The physical properties and evaluation results with the following methods of each of the above-obtained toners are summarized in Tables 1-1 and 1-2, and Tables 2-1 and 2-2, respectively.
After printing of 2,000 sheets having a chart with an image area ratio of 1% using a color electrophotographic apparatus (IPSIO SP C220, product of Ricoh Company, Ltd.), a piece of Scotch (registered trademark, product of Sumitomo 3M Limited) tape was used to remove the toner attached on the photoconductor having been subjected to printing of white solid images, and the piece of tape was attached to blank paper. Then, the color difference ΔE was measured with a spectrodensitometer (product of X-Rite, Incorporated.) and evaluated on the basis of the following 4 ranks.
After printing of 2,000 sheets having a white solid image using a color electrophotographic apparatus (IPSIO SP C220, product of Ricoh Company, Ltd.), toner particles adhered to a regulating blade was evaluated on the basis of the following 4 ranks.
A: No toner particles was adhered to a regulating blade; very good
B: Toner particles were adhered to a regulating blade to such an extent that image quality was not adversely affected
C: Toner particles were adhered to a regulating blade to such an extent that image quality was adversely affected
D: Noticeable toner particles were adhered to a regulating blade, giving great adverse effects to image quality
After printing of 2,000 sheets having a chart with an image area ratio of 1% using a color electrophotographic apparatus (IPSIO SP C220, product of Ricoh Company, Ltd.), the amount of the toner on the photoconductor and the amount of the toner of the black solid image (7.8 cm×1.0 cm) on the transfer belt were measured. The thus-measured amounts were used to calculate a transfer rate from the following equation:
Transfer rate=(the amount of the toner on the transfer belt/the amount of the toner on the photoconductor)×100
The obtained transfer rate was evaluated on the basis of the following 4 ranks.
A: 90%≦Transfer rate
B: 80%≦Transfer rate<90%
C: 70%≦Transfer rate<80%
D: Transfer rate<70%
<Transfer unevenness>
After printing of 2,000 sheets having a chart with an image area ratio of 1% using a color electrophotographic apparatus (IPSIO SP C220, product of Ricoh Company, Ltd.), the black solid image (7.8 cm×1.0 cm) on the transfer belt was evaluated for transfer unevenness on the basis of the following 4 ranks by comparing with standard samples.
A: No transfer unevenness was observed, very good
B: Transfer unevenness was observed to such an extent that image quality was not adversely affected
C: Transfer unevenness was observed to such an extent that image quality was adversely affected
D: Noticeable transfer unevenness was observed, giving great adverse effects to image quality
After printing of 2,000 sheets having a chart with an image area ratio of 1% using a color electrophotographic apparatus (IPSIO SP C220, product of Ricoh Company, Ltd.), halftone image in which one dot image and one dot white image were alternately recorded repeatedly was printed on paper (TYPE 6000, product of Ricoh Company, Ltd.) and evaluated for halftone reproducibility on the basis of the following 4 ranks by comparing with standard samples.
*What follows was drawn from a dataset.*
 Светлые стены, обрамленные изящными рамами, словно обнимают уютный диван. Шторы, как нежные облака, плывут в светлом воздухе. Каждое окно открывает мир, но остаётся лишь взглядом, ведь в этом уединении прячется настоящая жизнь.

A: Reproducibility was very good
B: Reproducibility was determined to such an extent that image quality was not adversely affected
C: Reproducibility was determined to such an extent that image quality was adversely affected
D: Reproducibility was determined to such an extent that gives great adverse effects to image quality
Before and after printing of 2,000 sheets having a chart with an image area ratio of 1% using a color electrophotographic apparatus (IPSIO SP C220, product of Ricoh Company, Ltd.), a black solid image was printed on paper (TYPE 6000, product of Ricoh Company, Ltd.). Then, the image density was measured with a spectrodensitometer (product of X-Rite, Incorporated) and evaluated for a change in image density; i.e., the difference in reflectance measured by the above spectrodensitometer between before and after printing of 2,000 sheets (reflectance before printing of 2,000 sheets—reflectance after printing of 2,000 sheets).
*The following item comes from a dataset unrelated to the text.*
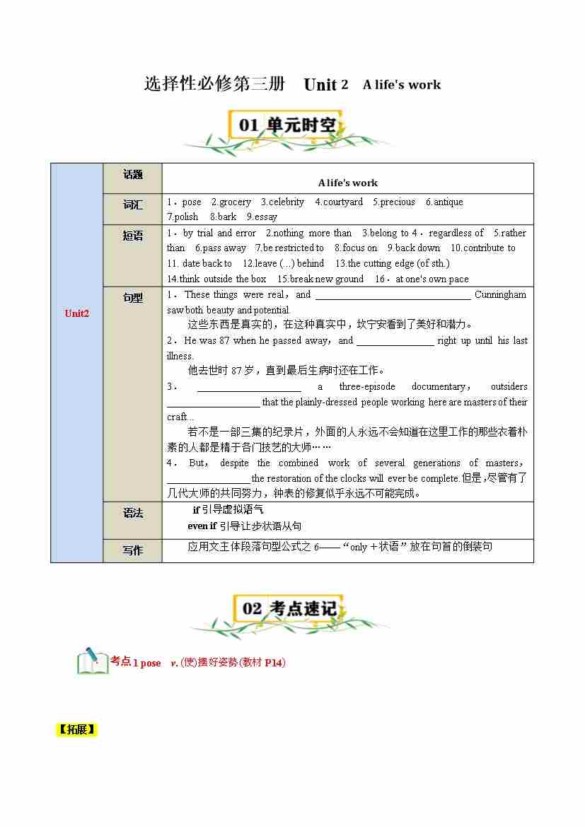选择性必修第三册 Unit 2 A life's work(知识清单)(外研版2019)(学生版)

After printing of 2,000 sheets having a chart with an image area ratio of 1% using a color electrophotographic apparatus (IPSIO SP C220, product of Ricoh Company, Ltd.), a white solid image was printed out and evaluated for the presence or absence of cleaning failures on the basis of the following 4 ranks.
A: No cleaning failure was observed, very good
B: Cleaning failure was observed but non-problematic in practical use
C: Cleaning failure was observed and problematic in practical use
D: Noticeable cleaning failure was observed
After printing of 2,000 sheets having a chart with an image area ratio of 1% using a color electrophotographic apparatus (IPSIO SP C220, product of Ricoh Company, Ltd.), a surface of the charging roller was visually evaluated for smear on the basis of the following 4 ranks.
A: No roller smear was observed, very good
B: Roller smear was observed but non-problematic in practical use
C: Roller smear was observed and problematic in practical use
D: Noticeable roller smear was observed
After printing of 2,000 sheets having a chart with an image area ratio of 1% using a color electrophotographic apparatus (IPSIO SP C220, product of Ricoh Company, Ltd.), a surface of the charging roller was visually evaluated for abrasion on the basis of the following 4 ranks.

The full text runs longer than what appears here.